Феофанов, забойщик Дегтярского медного рудника: «Дегтярка – это огромное рудное месторождение на Урале. И наш рудник до 1937 года работал неплохо. Но мы, чрезмерно увлекшись этими успехами, просмотрели врагов. Рядом орудовали вредители, готовили провал всему руднику. Они в центре рудника устроили пожар… Коллектив Дегтярки дал слово с корнем вырвать всю эту сволочь, которая мешает нам работать…»
Участники совещания приняли обращение к работникам других отраслей промышленности Свердловской области. В обращении говорилось:
«Подлые вредители – японо-германские троцкистско-бухаринские шпионы – протянули свою грязную лапу к медной промышленности, пытаясь сорвать ее работу, подорвать производство меди в нашей стране… Мы обязуемся по-большевистски бороться с тем, чтобы в ближайшее время под руководством славного наркома, ближайшего соратника Сталина, Лазаря Моисеевича, добиться решающих побед и завоевать право рапортовать любимому вождю народов товарищу Сталину, что его указания нами выполнены, что мы даем стране меди столько, сколько ей нужно».
«Совещание закончилось 25 ноября поздней ночью, – пишет С. Парфенов, – нарком наградил всех рабочих-стахановцев отрасли именными часами. А сам, „встреченный долго несмолкавшими овациями“, произнес „яркую заключительную речь“, которая „неоднократно прерывалась аплодисментами“».
Второй раз Каганович посетил Асбест в 1947 году. «Там, понятное дело, встречать члена правительства приготовились отцы города, передовики производства, знатные фронтовики, пионеры, – рассказывает автор. – Когда поезд, наконец, прибыл, из него, вспоминают очевидцы, сперва высыпали дюжие молодцы в одинаковых синих костюмах, адъютант, генерал охраны и лишь после – „сам“. Скупо поздоровался.
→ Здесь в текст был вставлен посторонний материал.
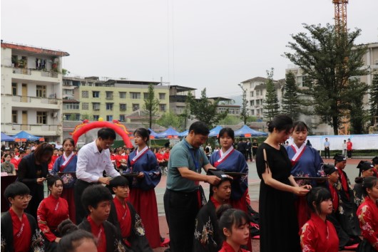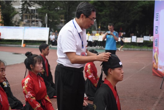 此次成人礼采用传统汉式形式。活动伊始,全体师生肃立,奏唱国歌,汉服社成员们身着盛装,带来精彩的汉服展。儒雅飘逸的汉服让人仿若穿越千年、梦回古代,伴随着悠扬高远的编钟雅乐,汉民族传统服饰的演进历程一一展现在眼前。300余名冠、笄者在徐宏、童以鸿、李富民、李萍、卢世蕾、罗玄的带领下走过成人门,在“德才兼备 知行合一”校训的鞭策下走向明礼知耻、崇德向善。冠礼、笄礼环节,正宾盥礼后,徐宏、童以鸿、李富民为冠者代表戴上成人礼帽,李萍、卢世蕾、罗玄为笄者代表插上及笄发簪,冠、笄者向师长行礼,用华夏汉民族的传统方式宣告自己长大成人,完成角色的转变。企业代表、师长代表为成人学子佩戴成人徽章,学子们在学校党委委员、团委书记、学生科科长郑术兵的带领下高举右拳,庄严地进行成人宣誓。校企合作委员会委员、内江市国兴咨询有限公司董事长官震表达了对学校搭建校园招聘平台的感谢,档案校作为全国唯一开办档案管理专业的职业院校,培养了一批又一批专业技能强、基础知识扎实、各方面表现都很优秀的行业人才,此次参加校园招聘会,一定严格按照国家用人规定,合理合规地履行相关手续,并承诺做到学生到岗实习期间同工同酬,切实保障学生的合法权益。

Взгляд строгий, неулыбчивый, холодный. Осмотрел перрон, встречающих. Прошел вдоль шеренги. Возле Петра Яковлевича Степанова, бывшего в ту пору начальником асбестовского железнодорожного узла, почему-то остановился, и, ткнув пальцем в многочисленные боевые ордена участника войны, обронил:
– Ты зачем эти побрякушки навесил? У меня, может, не меньше, но ведь я их напоказ не ношу…
Все молчали.
Потом началось знакомство с городом, дотошное изучение обстановки. <…>
На следующий день <…> строгий гость проводил „разбор полетов“, подводил итоги своей командировки. Крупный разнос получили почти все. Возникло ощущение, что от Кагановича ничего невозможно скрыть. Кто-то, впрочем, не выдержал – возразил. „Железный нарком“, четко выделяя слова, многим показалось – зловеще, произнес:
– Слушай, стоит мне пошевелить пальцем, и тебя тут же пошлют гнить на Колыму…»
Думал ли Каганович в ту минуту, что пройдет всего десять лет – и те, кто перед ним трепетали в маленьком городе Асбесте, снова увидят его здесь же, но уже совершенно другого – тоже маленького, низвергнутого, униженного.
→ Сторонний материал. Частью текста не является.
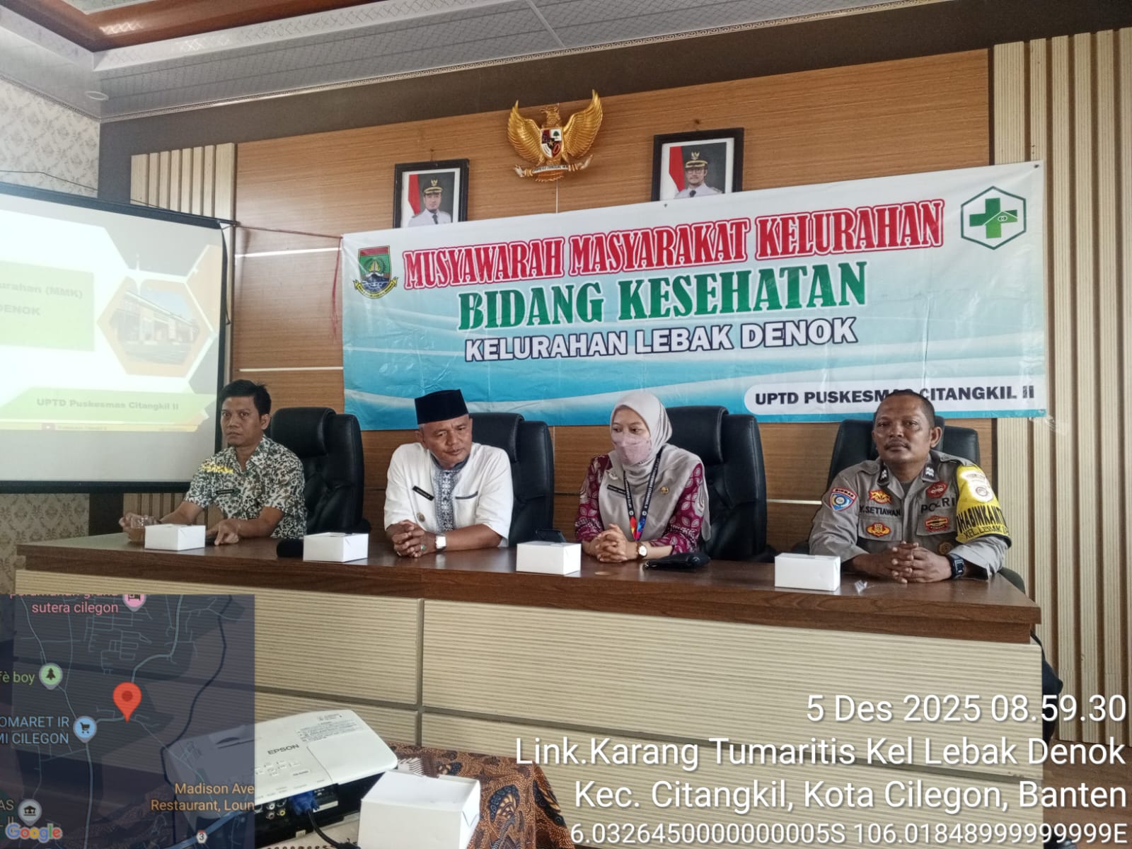 Cilegon - Polsek Ciwandan Polres Cilegon Polda Banten Hadir Dalam Kegiatan (MMK) Musyawarah Masyarakat Kelurahan Bidang Kesehatan UPTD Puskesmas Citangkil Tahun 2025 Di Aula Kantor Kelurahan Lebak Denok Kecamatan Citangkil, Jum'at (05/12/2025).

О предстоящем приезде Кагановича в Асбест знали очень немногие. Накануне первому секретарю городского комитета КПСС Л.И. Свиридову позвонил из Свердловска первый секретарь обкома А.П. Кириленко:
– Как настроение? Ну-ну, не трусь, держись на высоте… Да, вот еще какая штука. Маленкова, сообщника Кагановича, назначили директором Усть-Каменогорской ГРЭС. Он туда приехал, а ему, понимаешь, встречу закатили – с оркестром, буфетом, цветами… Надо же додуматься! Так что давай – официально, по делу, без лобызаний…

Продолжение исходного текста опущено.